At the Alberta Children's Hospital in Calgary, it is "strongly recommended" that health-care workers get the measles vaccine, but it's not mandatory, confirms Judy MacDonald, medical officer for Calgary. Although it was decided last year after outbreaks that health-care workers "need to have a higher bar" when it comes to vaccinations – and should be required to have two documented doses of the measles, mumps and rubella vaccine recorded and on file – no change to policy has been made.

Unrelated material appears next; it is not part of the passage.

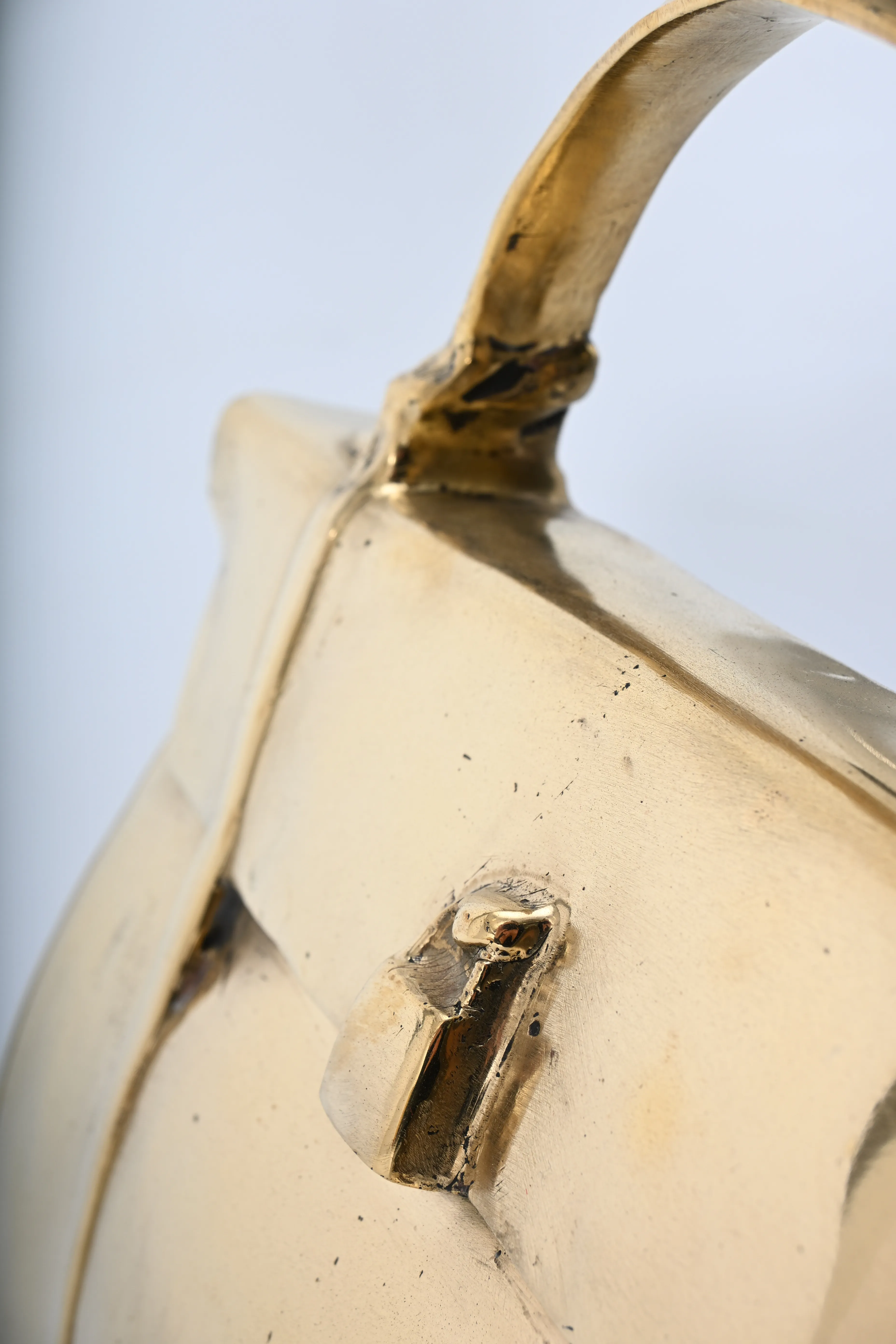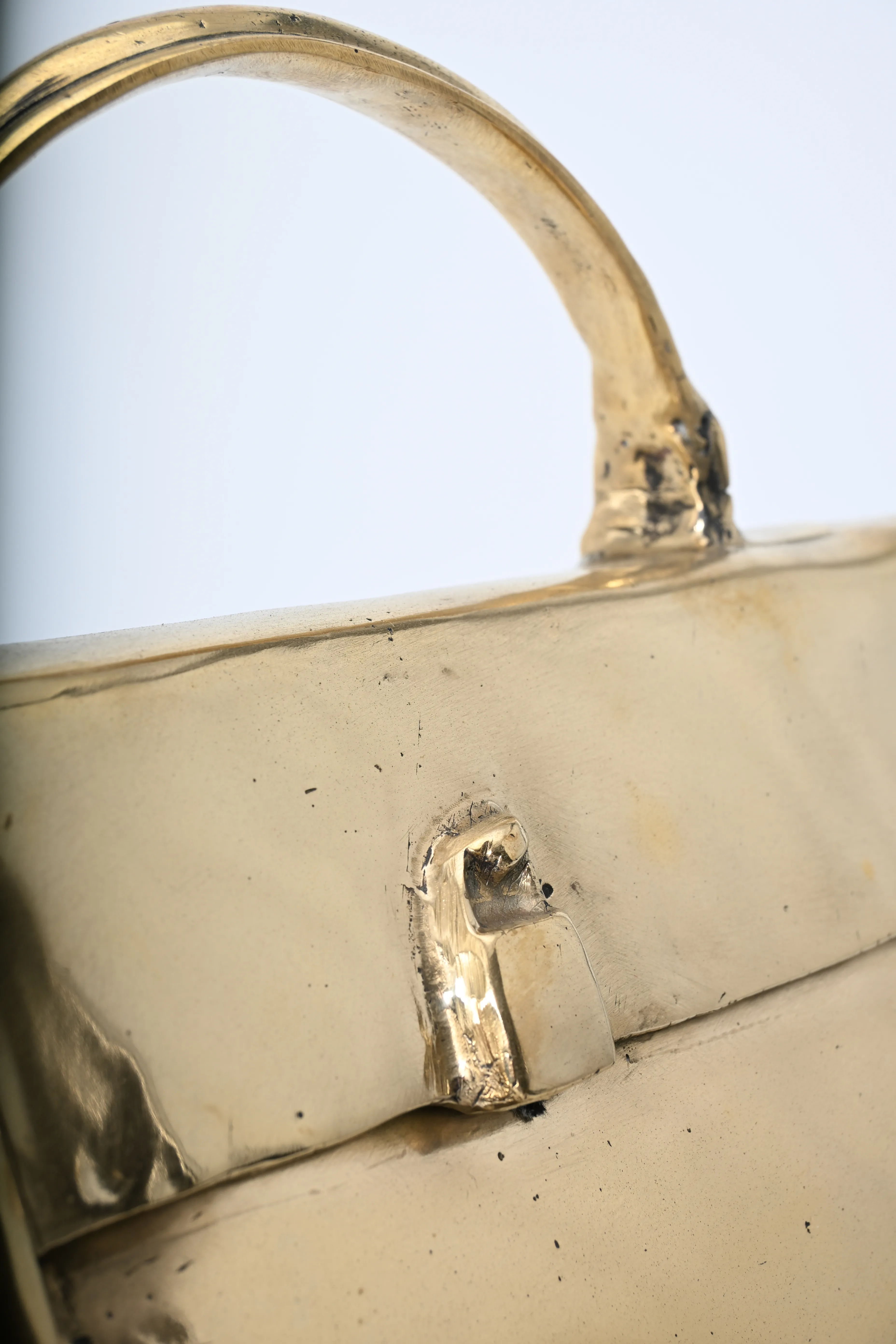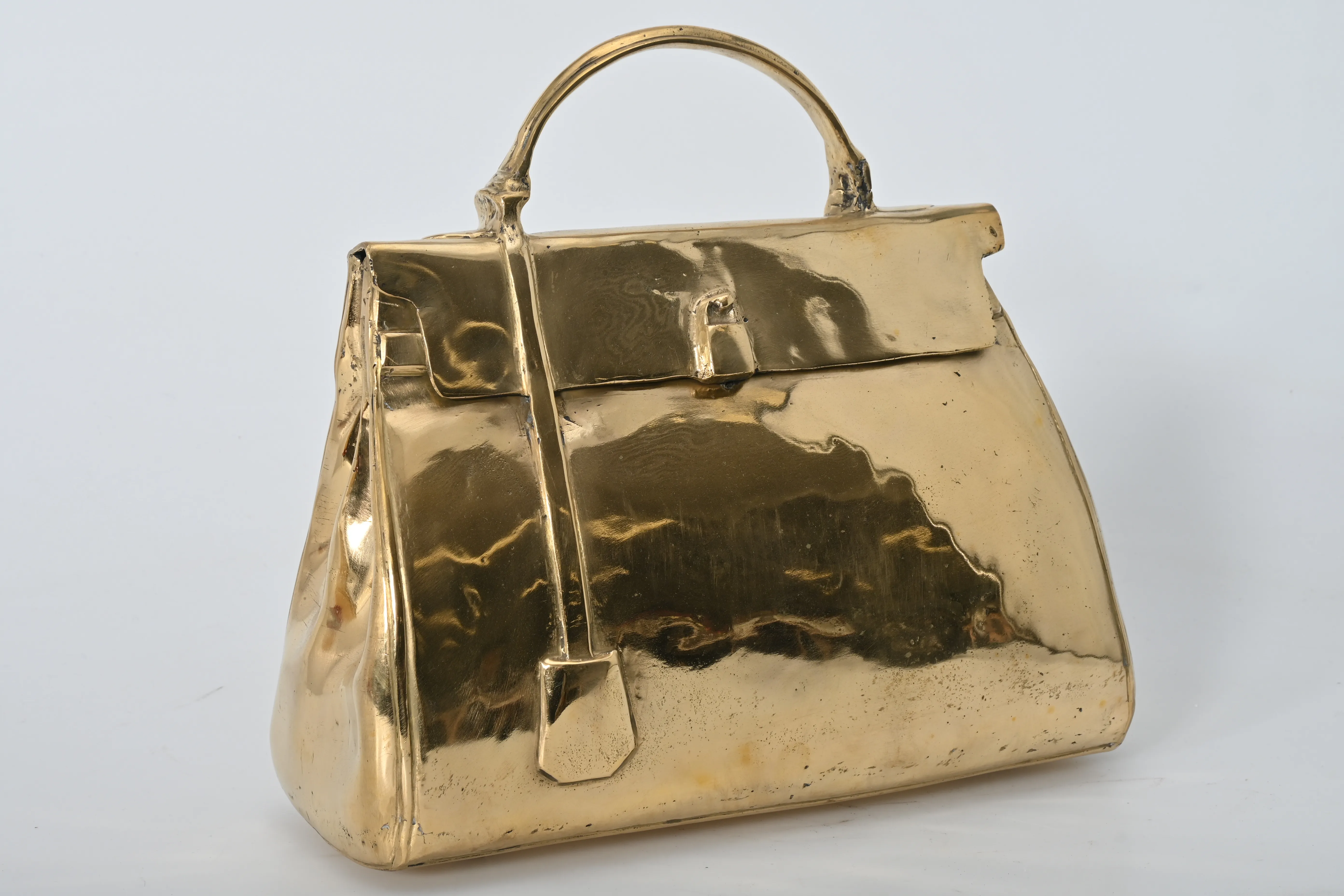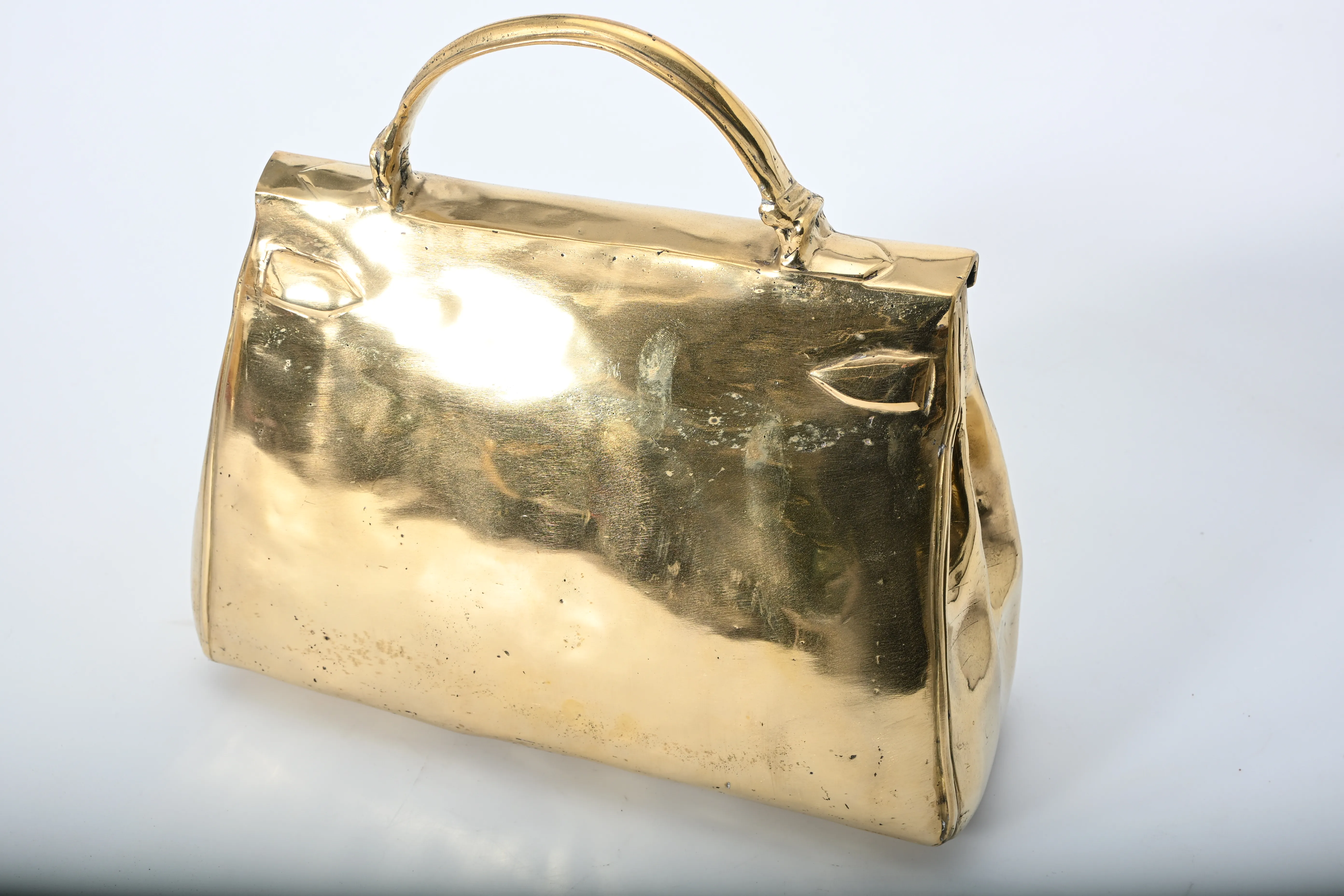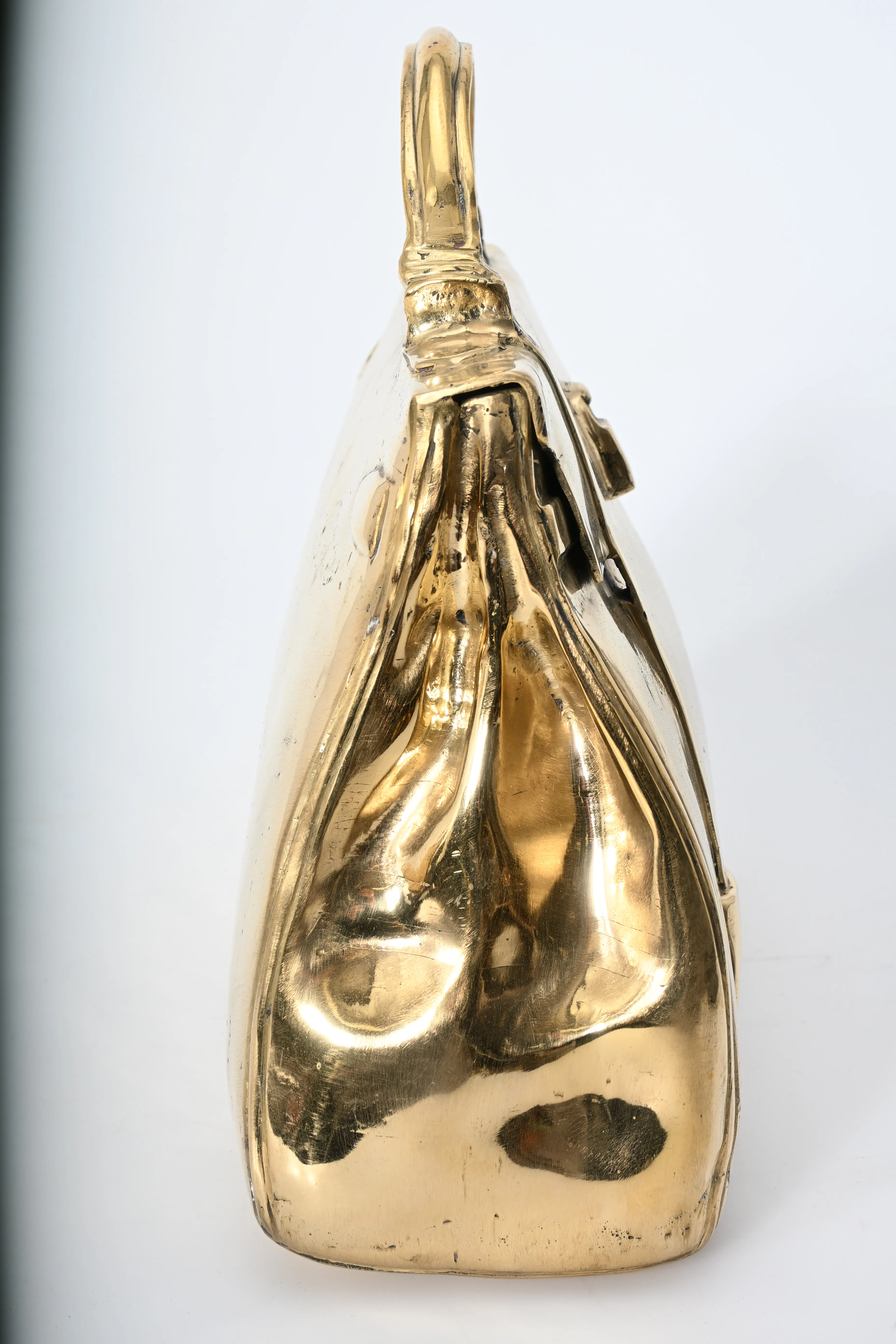 633. Skulptur, Väska efter "Hermes Kelly" Guldpatinerad brons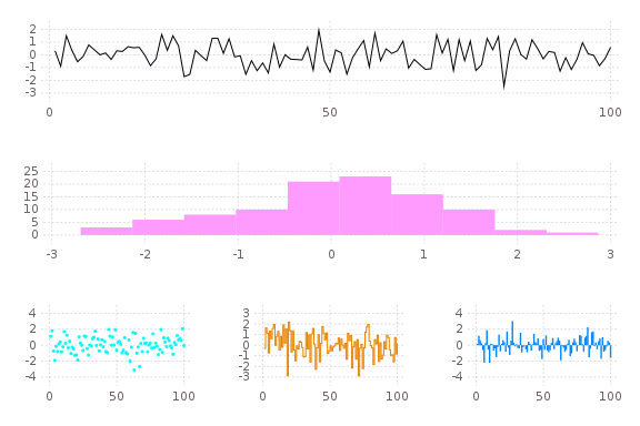 subplot(randn(100,5); layout=[1,1,3],linetypes=[:line,:hist,:dots,:step,:bar],nbins=10,legend=false)

At Sick Kids Hospital in Toronto, new employees must prove they have had two measles, mumps and rubella vaccinations to ensure workers comply with the measles surveillance protocol developed in part by the Ontario Medical Association. For employees hired before 2013, there is a medication catch-up process outlined in the surveillance protocol. The hospital then records who has been immunized and who hasn't.

Ottawa's Children's Hospital of Eastern Ontario also keeps tabs on which staffers are immune. Vaccinations are encouraged but not compulsory.

Vaccination is not mandatory at the B.C. Children's Hospital. Eva Thomas, corporate director for infection prevention and control, said that while they would like all their staff to be vaccinated, "we don't know who has been [and who hasn't]." Those records are with the occupational health department of the B.C. government.

Alan Maki with a report from Justin Giovannetti

Editor's note: This is a corrected version of the story that referred to the Measles and Mumps Initiative. The correct name is the Measles and Rubella Initiative.